**Work request**
Every record that follows is to be copied exactly, with the pictures omitted.

** Opening Records shown block **

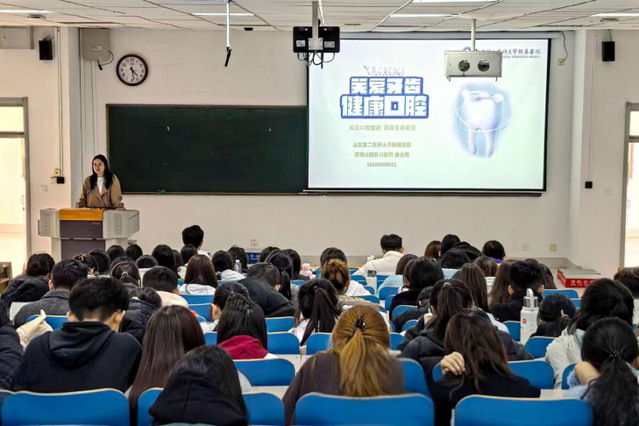 为增强新生口腔保健意识,提升健康素养水平,10月22日,91porn 在A409教室举办“关注口腔健康,高生命质量”专题讲座。本次活动特邀91porn 附属医院曲会娟老师担任主讲,2025级全体学生参加。
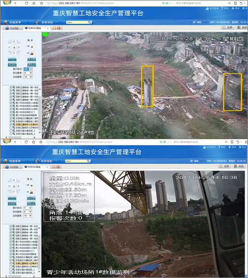平臺(tái)采用視頻遠(yuǎn)程智能分析等一系列新技術(shù),集成了渝北區(qū)、巴南區(qū)、綦江區(qū)等幾百個(gè)建筑工地的動(dòng)態(tài)在線監(jiān)控系統(tǒng),包括安全帽佩戴自動(dòng)監(jiān)測識(shí)別、升降電梯超員自動(dòng)監(jiān)測識(shí)別、卸料平臺(tái)超載自動(dòng)監(jiān)測、塔吊歪拉斜吊自動(dòng)監(jiān)測、揚(yáng)塵超標(biāo)自動(dòng)監(jiān)測、外排架傾斜自動(dòng)監(jiān)測等相關(guān)功能,實(shí)現(xiàn)了對(duì)建設(shè)工地的現(xiàn)場人員作業(yè)、設(shè)備運(yùn)行、揚(yáng)塵、物料等情況的全方位、可視化實(shí)時(shí)監(jiān)管。
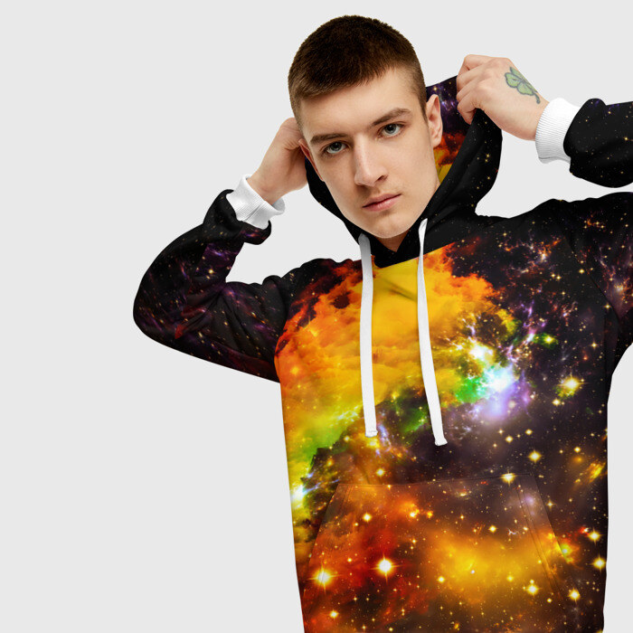 Толстовка 3D сшита из ткани с тонким мягким внутренним слоем. Свободная посадка по фигуре, капюшон с завязками и большой карман спереди, в котором удобно прятать или греть руки. Сшита из гладкого синтетической ткани, с полным покрытием принтом.
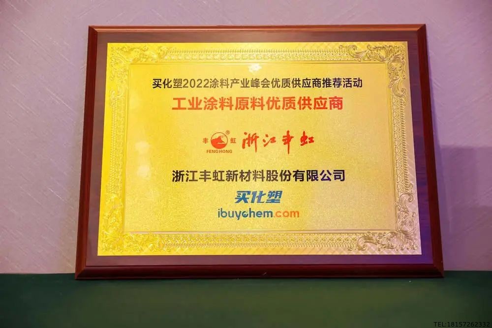 在本屆峰會期間,豐虹憑借優(yōu)異的產品質量、快速的服務響應、全面的技術保障和穩(wěn)定供應鏈支持,在眾多涂料企業(yè)采購總監(jiān)和技術總監(jiān)的專業(yè)評審中脫穎而出,榮獲“工業(yè)涂料原料優(yōu)質供應商”獎項。
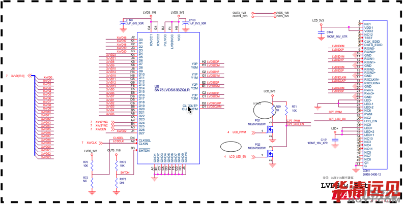 其實就是:把三星芯片輸出的TTL(RGB)信號轉(zhuǎn)換成LVDS差分信號輸出的LCD接收端。
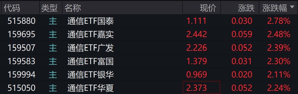 受盘面影响,通信相关ETF涨超2%。
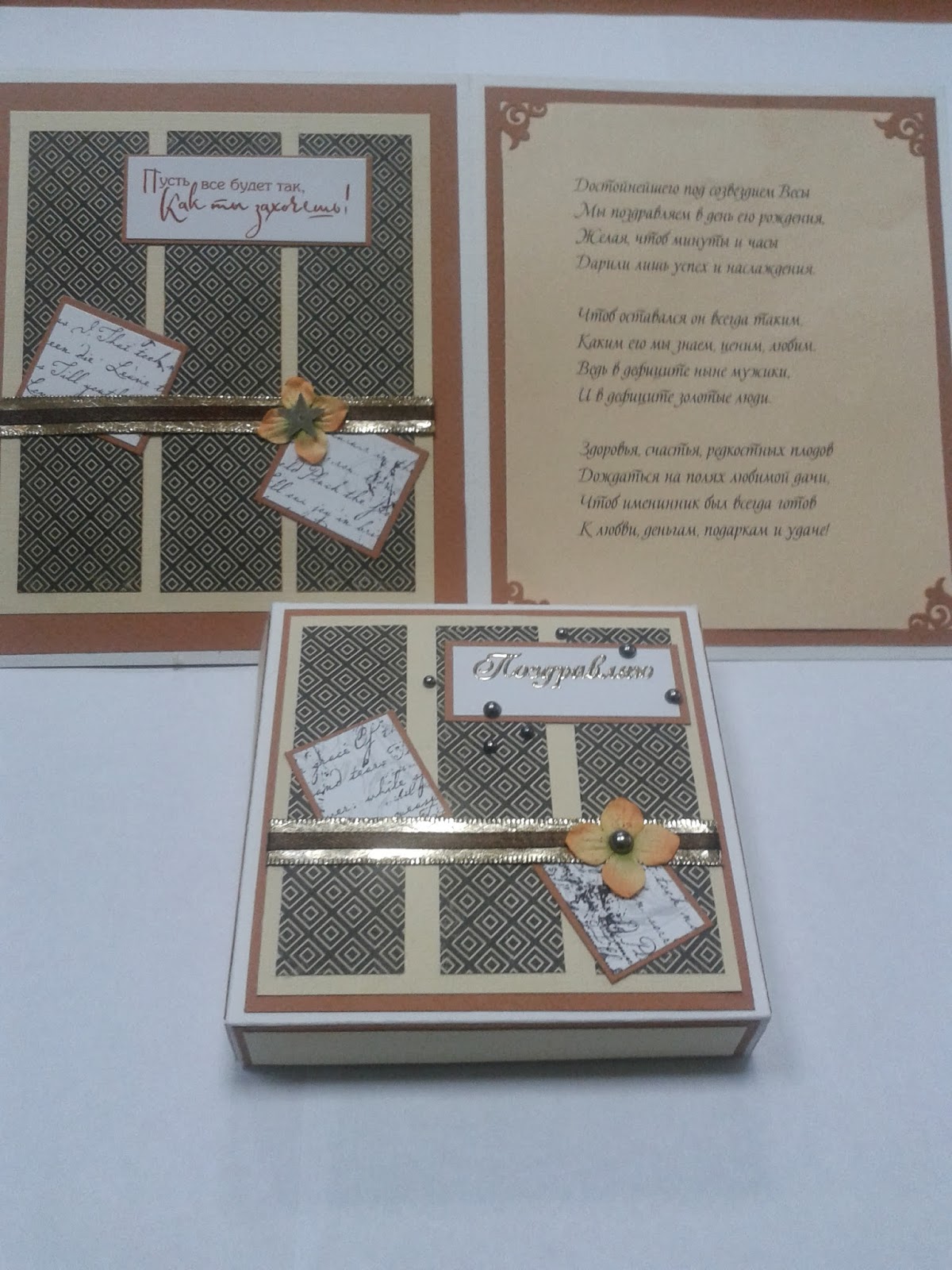 А к открытке сделала коробочку куда положила мыльце от Надюши. Опять просила ее сделать с мужской отдушкой.

** Closing Records shown block **

**Problem solution**
 为增强新生口腔保健意识,提升健康素养水平,10月22日,91porn 在A409教室举办“关注口腔健康,高生命质量”专题讲座。本次活动特邀91porn 附属医院曲会娟老师担任主讲,2025级全体学生参加。
平臺(tái)采用視頻遠(yuǎn)程智能分析等一系列新技術(shù),集成了渝北區(qū)、巴南區(qū)、綦江區(qū)等幾百個(gè)建筑工地的動(dòng)態(tài)在線監(jiān)控系統(tǒng),包括安全帽佩戴自動(dòng)監(jiān)測識(shí)別、升降電梯超員自動(dòng)監(jiān)測識(shí)別、卸料平臺(tái)超載自動(dòng)監(jiān)測、塔吊歪拉斜吊自動(dòng)監(jiān)測、揚(yáng)塵超標(biāo)自動(dòng)監(jiān)測、外排架傾斜自動(dòng)監(jiān)測等相關(guān)功能,實(shí)現(xiàn)了對(duì)建設(shè)工地的現(xiàn)場人員作業(yè)、設(shè)備運(yùn)行、揚(yáng)塵、物料等情況的全方位、可視化實(shí)時(shí)監(jiān)管。
 Толстовка 3D сшита из ткани с тонким мягким внутренним слоем. Свободная посадка по фигуре, капюшон с завязками и большой карман спереди, в котором удобно прятать или греть руки. Сшита из гладкого синтетической ткани, с полным покрытием принтом.
 在本屆峰會期間,豐虹憑借優(yōu)異的產品質量、快速的服務響應、全面的技術保障和穩(wěn)定供應鏈支持,在眾多涂料企業(yè)采購總監(jiān)和技術總監(jiān)的專業(yè)評審中脫穎而出,榮獲“工業(yè)涂料原料優(yōu)質供應商”獎項。
 其實就是:把三星芯片輸出的TTL(RGB)信號轉(zhuǎn)換成LVDS差分信號輸出的LCD接收端。
 受盘面影响,通信相关ETF涨超2%。
 А к открытке сделала коробочку куда положила мыльце от Надюши. Опять просила ее сделать с мужской отдушкой.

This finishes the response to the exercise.